第49章 【番外編】色褪せない想い【現パロ】※
「……本当に眠れないの?」
「だからそう言ってるでしょ。」
「……き、君が?」
この会話は彼此3回目。
眠剤欲しさに心療内科に来てみたが、要するに疑いを持たれるほど体も心も健康そのもののオレに医者が再三確認してくるのは無理もない。
実際寝れないわけではない。
変な夢に起こされるだけ。
ただ"眠剤"に拘っているわけでもない。
もらえるならば何でも良かった。
とにかく薬が欲しい。
薬局に行きたい。
……アイツに、会いたい。
「…分かりました。信用してないわけではないですが、眠剤を転売する人がいるのでまずは3回分だけ出します。その後、また必要なら来てくれますか?」
「ああ、なるほどね。分かりました。じゃあ、それでいいです。」
医者も大変な仕事だ。
要するに転売する輩がいるからオレみたいな健康そのものの人間に眠剤を処方するのは躊躇するのだろう。
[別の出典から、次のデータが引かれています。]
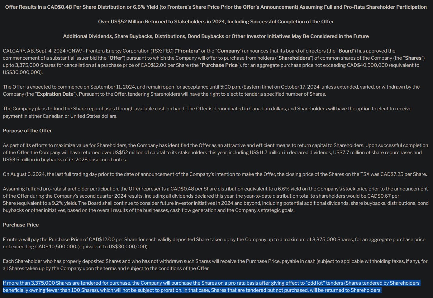 So if the offer is attractive, you usually get more shares tendered than what the company actually wants to buy.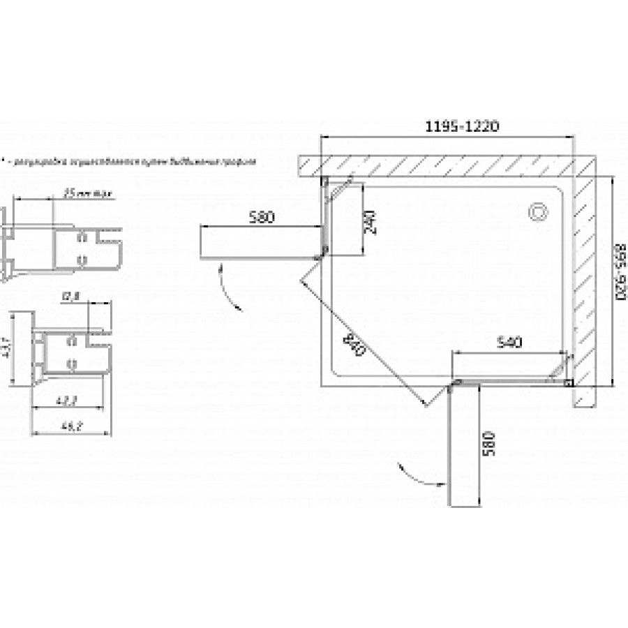 Душевой уголок Vegas Glass AFA-F 120х90 07 01 R профиль матовый хром, стекло прозрачное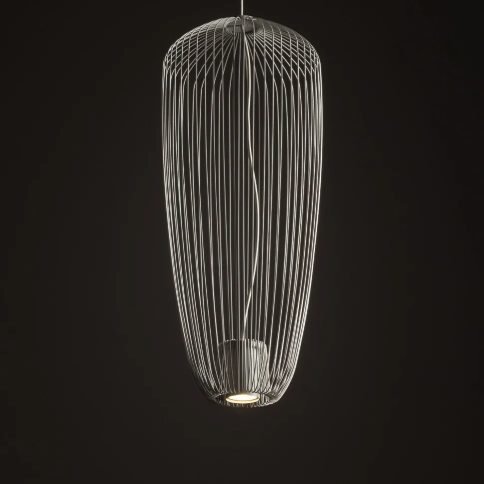 Moderne Hängelampe aus lackiertem Stahl in Seidengrau

実際、精神を病んで眠剤を飲むわけでもないので若干の申し訳なさに襲われるが、今回は目的があるので少なくとも文句は言えまい。
むしろいくつであっても処方してくれることに意味があるのだから。
かかりつけの薬局があるか聞かれたのでもちろん秒でほの花がいる薬局を指定した。
何でこんなにも会いたいのだろうか。
一目惚れでもしたのか?
もちろんそうかもしれない。
だが、それもどうもしっくり来ないのだ。
一目惚れとは違う。
昔からアイツを知っていたような感覚なのだ。
不思議なのだが、アイツを見ると胸をギュッと鷲掴みにされて、切ないような嬉しいような何とも言えない気持ちにさせられる。
会計を済ませて処方箋をもらうとお目当ての薬局まで走って行く。
五感全てがアイツを知っているような気がしてならない。
そんな感覚は日に日に増えていくばかり。
優しくふわりと笑った顔も
困ったように眉を顰める顔も
香水かボディークリームか知らないが花のような香りを漂わせる
栗色の髪に黒めがちの瞳の女。
「…早く、会いてェな…。」
会いたい気持ちが背中を押す。
恋人にすらそんな感情を持ったことがないオレは申し訳ないと思いつつ、止めることができなかった。